EXERCISE -
Restate the full listing word for word; images stay out of it.

SUPPLIED DATA -
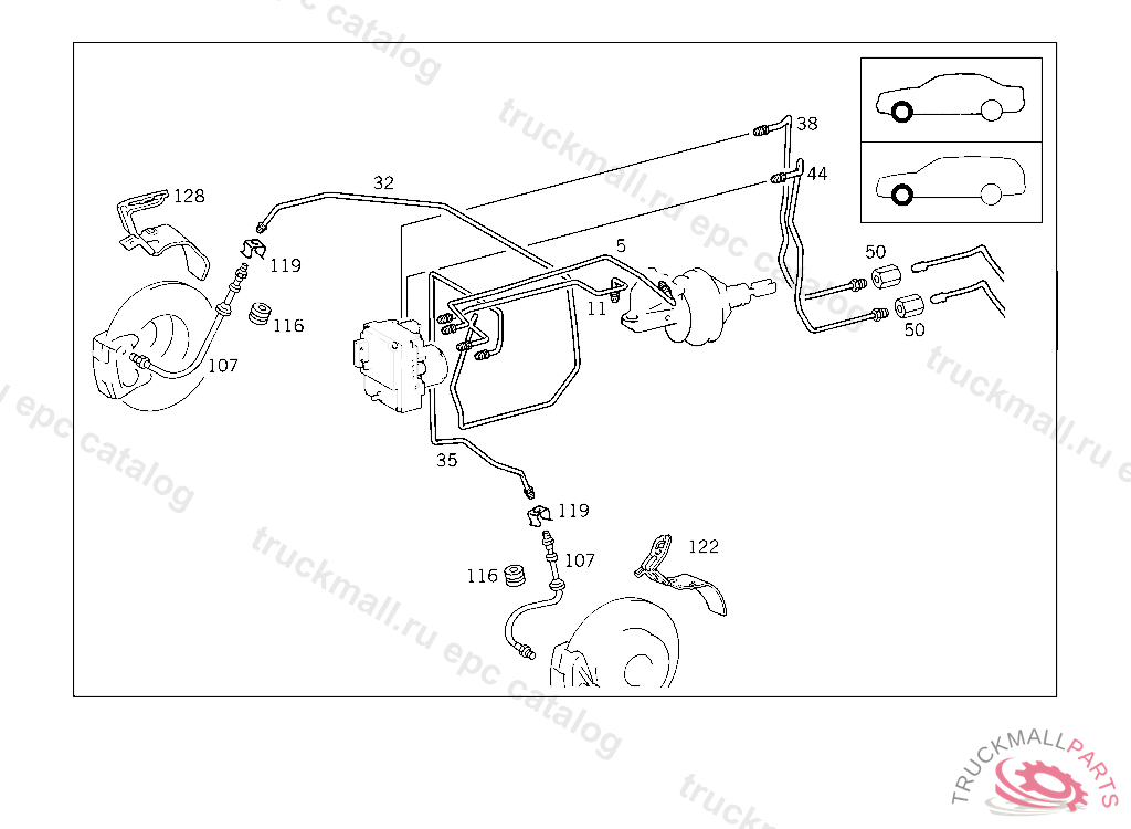 LINE FROM HYDRAULIC UNIT TO RIGHT FRONT WHEEL, UP TO IDENT NO. A 212244 EXCEPT FOR A 187334 - A 212243 WITH CODE 867 TO BE ADAPTED DURING ASSEMBLY
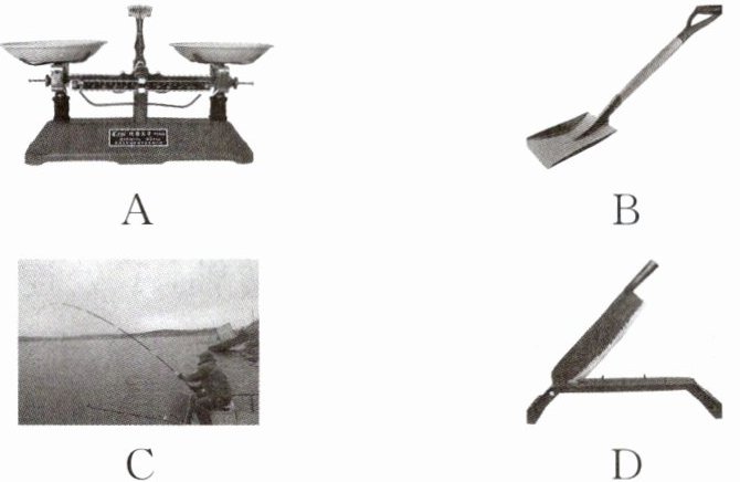 D [解析]"只要给我一个支点和一根足够长的杠杆,我就能撬动整个地球”说的是一个省力杠杆。天平在使用过程中,动力臂等于阻力臂,是等臂杠杆,不省力也不费力,故A错误;铁锹在使用过程中,动力臂小于阻力臂,是费力杠杆,故B错误;钓鱼竿在使用过程中,动力臂小于阻力臂,是费力杠杆,故C错误;铡刀在使用过程中,动力臂大于阻力臂,是省力杠杆,故D正确。
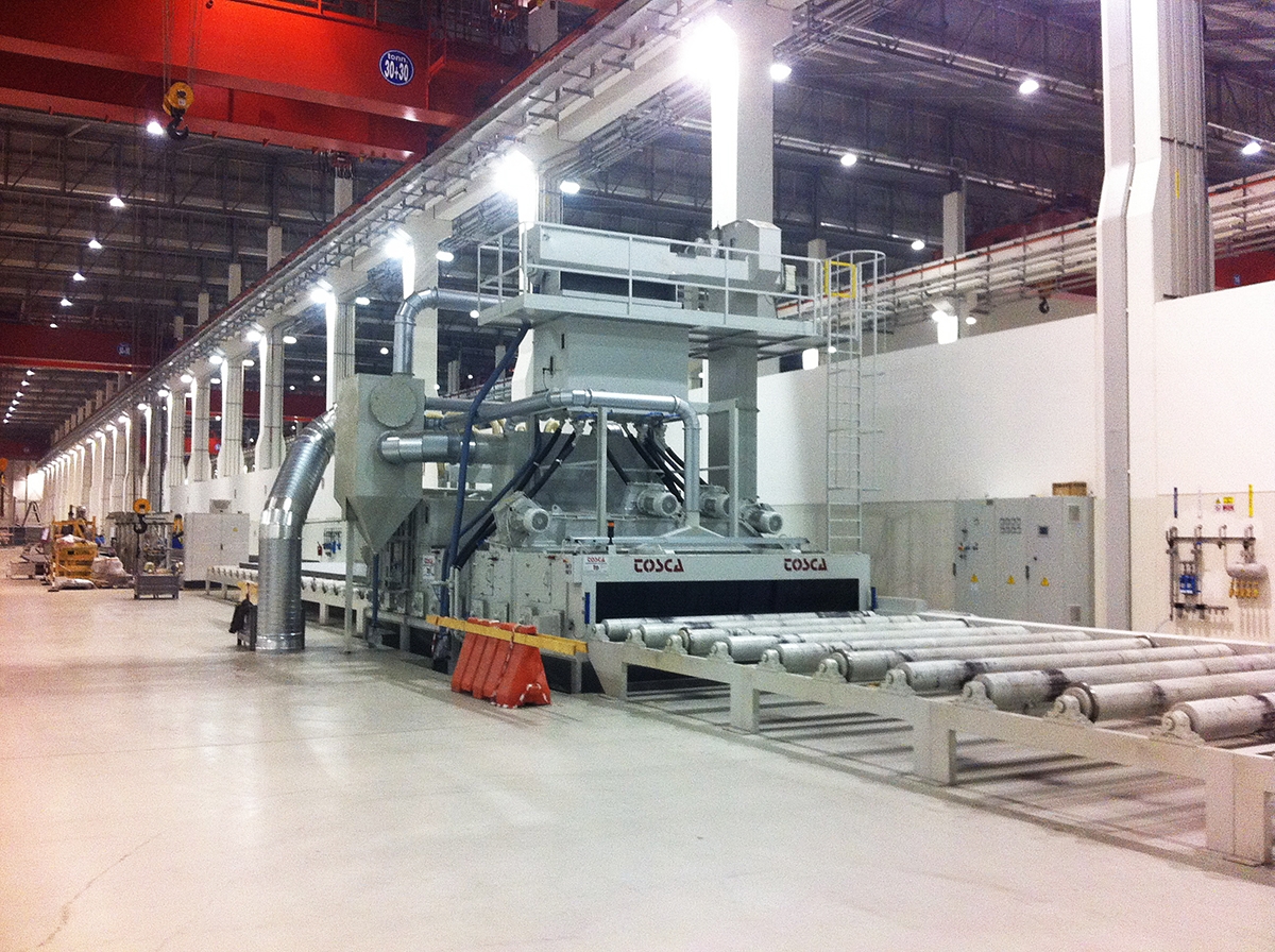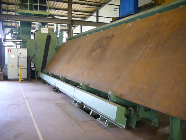 La disposition et le nombre de turbines, montées aussi bien au-dessus qu'au-dessous du plan de roulement du produit à traiter, permettent le nettoyage parfait en un seul passage de toutes les surfaces à décaper.

RESULT OF THIS TASK -
 LINE FROM HYDRAULIC UNIT TO RIGHT FRONT WHEEL, UP TO IDENT NO. A 212244 EXCEPT FOR A 187334 - A 212243 WITH CODE 867 TO BE ADAPTED DURING ASSEMBLY
 D [解析]"只要给我一个支点和一根足够长的杠杆,我就能撬动整个地球”说的是一个省力杠杆。天平在使用过程中,动力臂等于阻力臂,是等臂杠杆,不省力也不费力,故A错误;铁锹在使用过程中,动力臂小于阻力臂,是费力杠杆,故B错误;钓鱼竿在使用过程中,动力臂小于阻力臂,是费力杠杆,故C错误;铡刀在使用过程中,动力臂大于阻力臂,是省力杠杆,故D正确。
 La disposition et le nombre de turbines, montées aussi bien au-dessus qu'au-dessous du plan de roulement du produit à traiter, permettent le nettoyage parfait en un seul passage de toutes les surfaces à décaper.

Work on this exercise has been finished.